Rebel wrote:bob wrote:Laskos wrote:bob wrote:
So you believe there is some "magic match percentage" (such as the one chosen by CSVN) that is a safe number. Anything above that is simply a clone with no investigation needed, anything below that is not?
(Hint: CSVN's number doesn't look particularly "safe" to me)...
As of now, anything higher than 60% is suspicious at 100ms (on 1 modern core) with Don 8,000 or so positions, although the approach is a bit simplistic. Special care must be taken for the testing positions not be publicly available. It's true that cloning must be proven by inspecting the sources, so these suspicious engines must be dealt separately from the main body of engines in a tourney (asking for sources, etc.). There could be "false negatives" at say 57% or even 55% level. Ponder hit numbers from games are very similar (and are not dependent on the choise of positions).
Kai
ps I was not extremely enthusiasmed by the CSVN approach, but seeing so much useless talk about what must be done, the approach now seems pretty adequate
I dislike simple detection schemes.
And how much of that is driven by Adam's low percentage of Rybka 1.0? Can you honestly state you are total objective here?
My comments have absolutely nothing to do with Rybka 1.0. They are based on simple observations from past experiments that have been tried to show similarity, or predict the rating of a program. ICC has done a TON of work on detecting computer usage. I worked with Tim over there years ago and saw just how hard it is to show that this "matching moves" stuff indicates anything other than playing good chess in the majority of the cases.
The normal way to develop a model such as this is to put it together, and then run it against several trial groups, specifically comprised to test the model thoroughly. Groups that have nothing to do with each other. Groups that include a couple of related versions. I've not seen any of the "control experiments" to see what ponderhit might show in a group of GM players that are obviously not clones. The more programs that are tested in this way, the more false positives one will see due to nothing more than "the pigeonhole issue"...
They always have built-in error rates that are non-zero. I'd hate to see someone branded a clone just because of a similarity test, particularly once lots of newcomers are measured...
1. There are options to deal with false positives. In case of doubt:
1a. Run the test again now at fixed depth as a second opinion.
1b Run a second set of 8000 positions.
1c. I have made a start with a database with (odd and secret) positions that make a kind of fingerprint of the open sources and how they handle them, it measures the absence or presence of certain chess knowledge and as such can serve as extra information in case of doubt.
"Secret positions" is not very useful. They don't remain secret for long. I have seen examples of programs in the past with a "hidden built-in opening book" so that they could play reasonably even without a book file. I have seen examples of programs with built-in learning information so that they would do better on some "test positions" but which were caught when someone noticed that if you flipped the positions left-right or flipped colors, the program played completely differently. So "secret positions" don't impress me very much at all.

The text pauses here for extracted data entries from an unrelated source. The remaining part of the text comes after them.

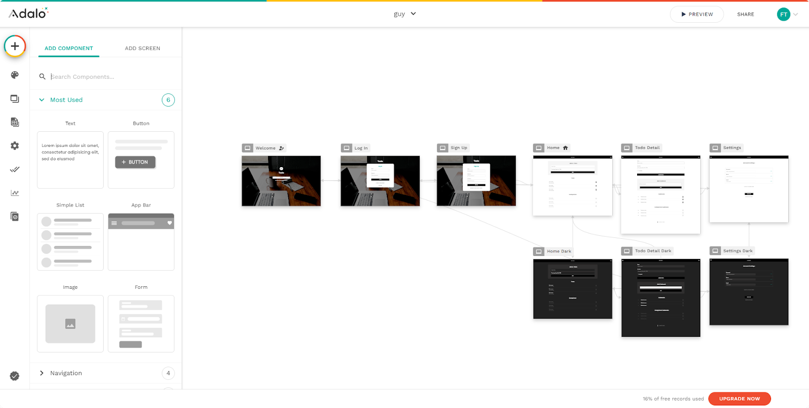 Adalo intègre et gère des bases de données et offre une plus grande flexibilité dans la construction, la conception et le lancement de votre processus de développement d'applications. Bien que son éditeur visuel soit un constructeur intuitif par glisser-déposer, la courbe d'apprentissage d'Adalo est plus complexe que celle de Glide.
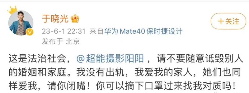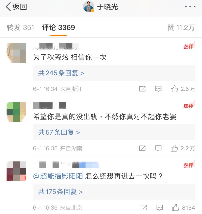 值得注意的是,自2021年「坐大腿」事件之後,就關閉微博評論的于曉光,這次為了回复狗仔,否認狗仔關於自己的出軌言論,還把評論打開了。來看熱評👇🏻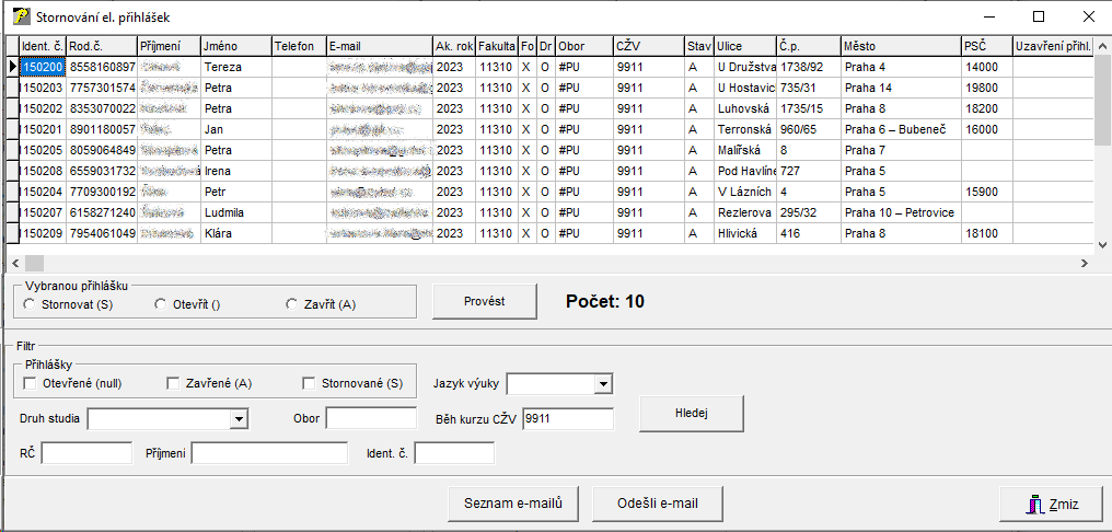 - Pokud uživatel dohledá přihlášku, kterou chce upravit, označí ji v seznamu a zvolí, jakou akci chce vykonat (stornovat, otevřít, zavřít) a stiskne tlačítko Provést.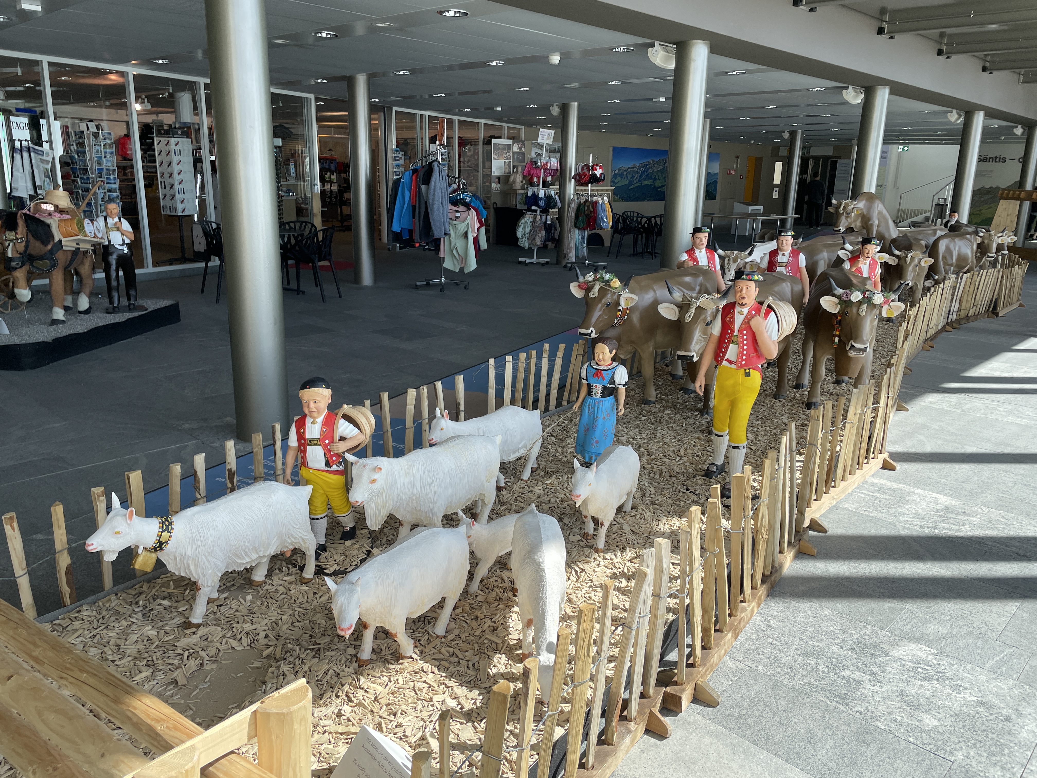 케이블카에서 내려 전망대 건물에 도착하니 아펜첼을 대표하는 이미지가 인형으로 장식되어있었다. 목에 종을 단 염소와 소, 그리고 알록달록 전통의상을 입고 전통모자를 쓴 어른과 아이들이 친근했다.

2. I am not very impressed by your sudden care for false accusations since you are mastering accusations yourself and elevated it to some kind of art.
A direct challenge: how about listing exactly WHO I have accused of copying code? Vas/Rybka/ Houdart/Houdini. Because there is a TON of evidence showing both convincingly. The others would include El Chinito, Le Petite, Bionic Impakt, Voyager, and several other Crafty clones that were proven beyond any doubt. Who ELSE have I accused? Be waiting to see if you answer or run here...
3. Besides, the tool is not meant to brand programs as a clone, just to exclude programs from participation. An author just has to make sure his brainchild is original enough by the percentage set by the TD.
"exclude from participation" is not the same as "branding them as a clone"?